Reference no: EM13370963
Eastwood Company ( A US based company) has subsidiaries in 3 countries, X, Y and Z. All three subsidiaries sell and manufacture products in their host country. Corporate income tax rates in three countries over the most current three years period as follows:
Country Year 1 Year 2 Year 3
X 50% 50% 40%
Y 25 25 25
Z 36 30 30
None of these countries imposes a withholding tax on dividends distributed to a distant parent company.
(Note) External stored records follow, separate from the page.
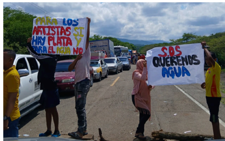
Tanto las autoridades tradicionales como la comunidad exigen acompañamiento institucional y soluciones.

Los hoy manifestantes reiteraron que su acción es pacífica, organizada y guiada por el diálogo, pero firme en la defensa de los derechos como pueblos indígenas. Cabe indicar que Cerrejón anunció que había entregado un pozo profundo, pero de acuerdo a las autoridades tradicionales esto nada más demoró un mes con el servicio de agua, y después, no han funcionado más.
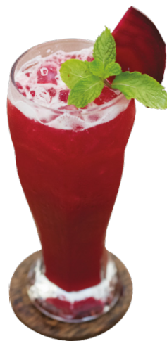
Red Ruby Gin, Beetroot Juice, Mint lime, simple syrup & Soda 4,5
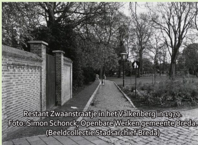
Restant Zwaanstraatje in het Valkenberg in 1979.

In 1592 kreeg de Doelstraat de naam Zwaanstraat. In 1812 werd de Zwaanstraat definitief zo genoemd en in het kadaster opgenomen. In 1963 werd de Kennedylaan aangelegd en wat toen nog over was van de Zwaanstraat verdween van de kaart. De restanten die overbleven was een kasseiweggetje dat het Valkenberg in liep. In dat straatje was ook het Katholiek Militair Tehuis (KMT) ondergebracht die in 1963 werd gesloopt. In 1987 werd het Luxor theater gesloopt. Zo was de Zwaanstraat van de aardbodem verdwenen.
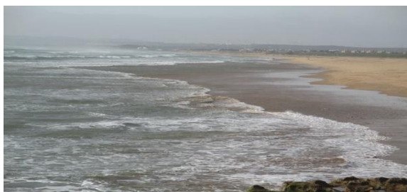
La spiaggia a SIDI KAOUKI
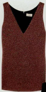
金属感针织背心 Isa Arfen
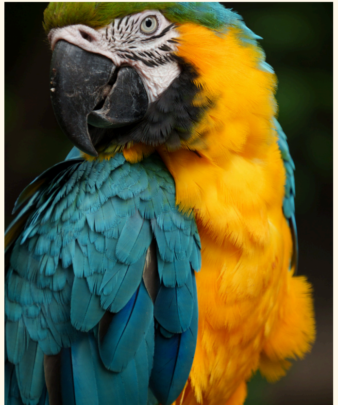
Guayaquil: un museo a cielo abierto tallado en monumentos y consagrado como el nuevo gigante turístico del Pacífico.
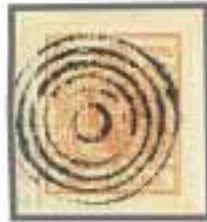
Los 1508, Zuschlag 2'000.-
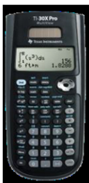
TI – 30X Pro
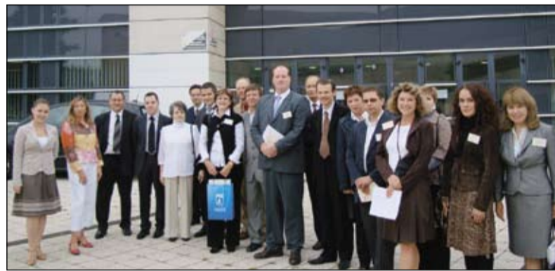
Участие в международной конференции, г.Мец, Франция, университет Поля Верлена

СИРА). Словом, кафедра вышла на новые более высокие уровни подготовки специалистов и постоянно возрастающие потоки студентов и слушателей свидетельствуют, что эта подготовка соответствует требованиям современного образования.
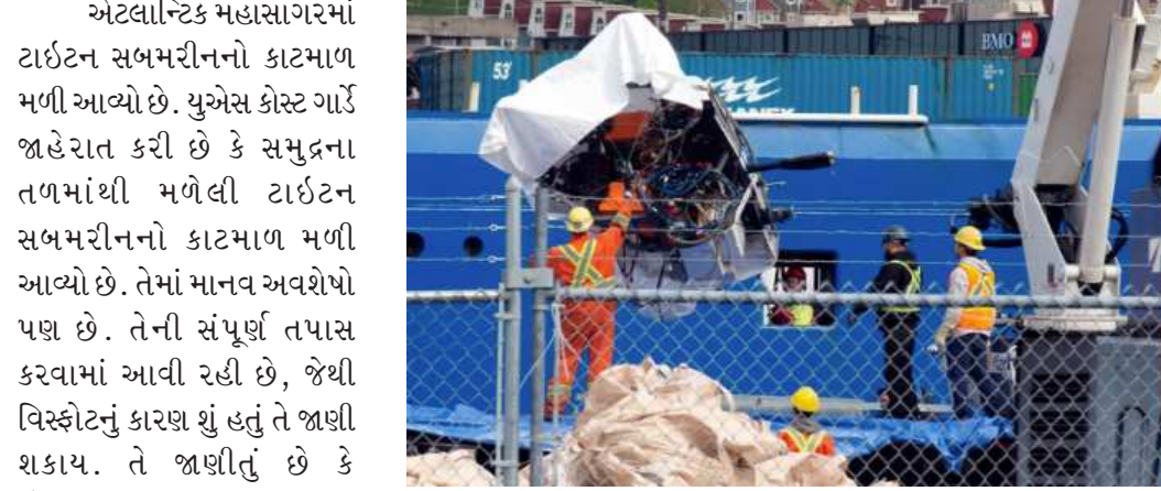
હતી. આ સબમરીનમાં ચાર મુસાફરો અને એક પાયલટ હતા. સબમરીન ગુમ થયા બાદ ૨૬૨

લેવામાં આવ્યો છે. યુએસ કોસ્ટ ગાર્ડ બુધવારે એક સત્તાવાર નિવેદનમાં જણાવ્યું હતું કે સફ હોરાઈઝન આર્કટિક (એક એન્કર હેન્ડલિંગ જહાજ)એ સેન્ટ જોન્સ, ન્યૂફાઉન્ડલેન્ડની નજીક ટાઈટન સબમર્સિબલના સ્થળે સમુદ્રના તળમાંથી સબમરીનનો કાટમાળ અને પુરાવાઓ મેળવ્યા છે. હવે મરીન બોર્ડ ઓફ ઈન્વેસ્ટિગેશન (સી) પુરાવાઓની તપાસ કરશે. કોસ્ટ ગાર્ડ જણાવ્યું હતું કે તબીબી ટીમો કાટમાળમાં રહેલા માનવ અવશેષોનું પણ વિશ્લેષણ કરશે. એમબીઆઈના પ્રમુખ કેપ્ટને જણાવ્યું હતું કે, xઆ મહત્વપૂર્ણ પુરાવાને સુરક્ષિત કરવા અને સાચવવામાં સંકલિત આંતરરાષ્ટ્રીય અને આંતર-એજન્સી સર્પોર્ટ માટે હું આભારી છું. x પુરાવા આપત્તિજનક નુકસાનના કારણોને

The US corporate income tax rate over this period was 35 percent.
Pretax income earned by every subsidiary and the percentage of after tax income paid to Eastwood over hte most recent three year period are as given:
Year 1 Year 2 Year 3
Subsidiary X
Pretax Income $100,000 $100,000 $100,000
Dividend (% of after tax income) 100% 50% 50%
Subsidiary Y
Pretax income $150,000 $150,000 $150,000
Dividend (% of after tax income) 50% 50% 50%
Subsidiary Z
Pretax Income $200,000 $200,000 $200,000
Dividen (% of after tax income) 40% 40% 100%
Required:
A. Evaluate the amount of foreign source income Eastwood will include in the US tax return in each of the 3 years.
B. Evaluate the amount of foreign tax credit Eastwood will be allowed to take in evaluate its US tax liabilty in each of the 3 years.
C. Evaluate the amount of excess foreign tax credit, if any, Eastwood will have in each of the three years.
D. Evaluate Eastwood's net US tax liability in each of the 3 years.